Update 27/10/2023 : Providing a sample application to reproduce the issue, https://github.com/PSHREYASHOLLA/SamplebatchApplication.

Its a maven project, so you can call mvn install, it will create \target\SamplebatchApplication-0.0.1-SNAPSHOT.jar. Now you can start it like any springboot app(Liquibase enabled), java -jar SamplebatchApplication-0.0.1-SNAPSHOT.jar.

If you see application.properties file we are pointing it to a postgres database. All our batch configurationhttps://github.com/PSHREYASHOLLA/SamplebatchApplication/blob/main/src/main/java/com/example/postgresql/model/FEBPDBConfig.java.

Please start the batch process by calling rest post API , http://localhost:8080/batch/trigger-or-resume-application-batch-job JSON body { "appRestartJobExecutionId": "" } If we call this with empty appRestartJobExecutionId, the flow is like below, com.example.postgresql.controller.BatchController.triggerOrResumeApplicationBatchJobByB2E() --->com.example.postgresql.model.FebpApplicationJobServiceImpl.triggerApplicationBatchJob() --> We do JobLauncher.run(). Now this job will read 50 records from febp_emp_detail_test as part of reader and as part of writer writes the updated records to febp_emp_tax_detail_test. This is a happy flow.

Now if you call the above API and say after 5 seconds you kill the server, only partial commit will happen into febp_emp_tax_detail_test and the batch status will be in STARTED state.

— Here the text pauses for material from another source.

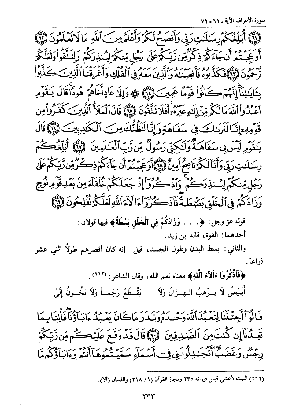 أبلغكم رسالات ربي وأنصح لكم وأعلم من الله ما لا تعلمون أوعجبتم أن جاءكم ذكر من ربكم على رجل منكم لينذركم ولتتقوا ولعلكم ترحمون فكذبوه فأنجيناه والذين معه في الفلك وأغرقنا الذين كذبوا بآياتنا إنهم كانوا قوما عمين وإلى عاد أخاهم هودا قال يا قوم اعبدوا الله ما لكم من إله غيره أفلا تتقون قال الملأ الذين كفروا من قومه إنا لنراك في سفاهة وإنا لنظنك من الكاذبين قال يا قوم ليس بي سفاهة ولكني رسول من رب العالمين أبلغكم رسالات ربي وأنا لكم ناصح أمين أوعجبتم أن جاءكم ذكر من ربكم على رجل منكم لينذركم واذكروا إذ جعلكم خلفاء من بعد قوم نوح وزادكم في الخلق بسطة فاذكروا آلاء الله لعلكم تفلحون} قوله عز وجل: { ... وَزَادَكُمْ فِي الْخَلْقِ بَسْطَةً} فيها قولان: أحدهما: القوة , قاله ابن زيد. والثاني: بسط البدن وطول الجسد , قيل: إنه كان أقصرهم طولاً اثني عشر ذراعاً. {فَاذْكُرُواءَالآءَ اللَّهِ} معناه نعم الله , وقال الشاعر:

Now say I restart the server and call the same post API with failed job execution ID it will now call om.example.postgresql.controller.BatchController.triggerOrResumeApplicationBatchJobByB2E() --->com.example.postgresql.model.FebpApplicationJobServiceImpl.resumeApplicationBatchJob() ---> jobOperator.restart(failedBatchExecutionId); Here the restart API fails due to empty jobRegistry.

Update 02/11/2023:

After changing my job to a bean as suggested by Mahmoud Ben Hassine, I am able to restart job. But now after restart a new Job execution starts and says completed but it fails to process the data. If the job runs on a single thread it processes all the data, but if its multi thread it does not do anything. Please check https://github.com/PSHREYASHOLLA/SamplebatchApplication/blob/main/src/main/java/com/example/postgresql/model/EmployeeTaxCalculationBatchConfig.java

Line 60, Step step = new StepBuilder("FEBP_EMP_TAX_CALCULATION_STEP", jobRepository) .<EmployeeDetail, EmployeeTaxDetail>chunk(5, transactionManager) .reader(reader.getPagingItemReader()).processor(itemProcessor).writer(itemWriter).taskExecutor(actStmntTaskExecutor()) .throttleLimit(50).build();

Here if throttleLimit is 1 it process records after restart, but if its multithreaded it does not process remaining records in my sample table.


Solution

  • That should not be the case since you have registered a JobRegistryBeanPostProcessor. This is the bean post processor that populates the job registry every time the Spring application context is (re)started.

    EDIT: Answer updated after providing a minimal example

    The issue is that the job is not declared as a bean here, it is rather the configuration class (which is obviously not of type Job) that is declared as a bean of that name here. Therefore the JobRegistryBeanPostProcessor does not find the job and does not register it in the registry.

    The Job should be registered as a bean in the application context for the JobRegistryBeanPostProcessor to post process the bean and register it in the registry.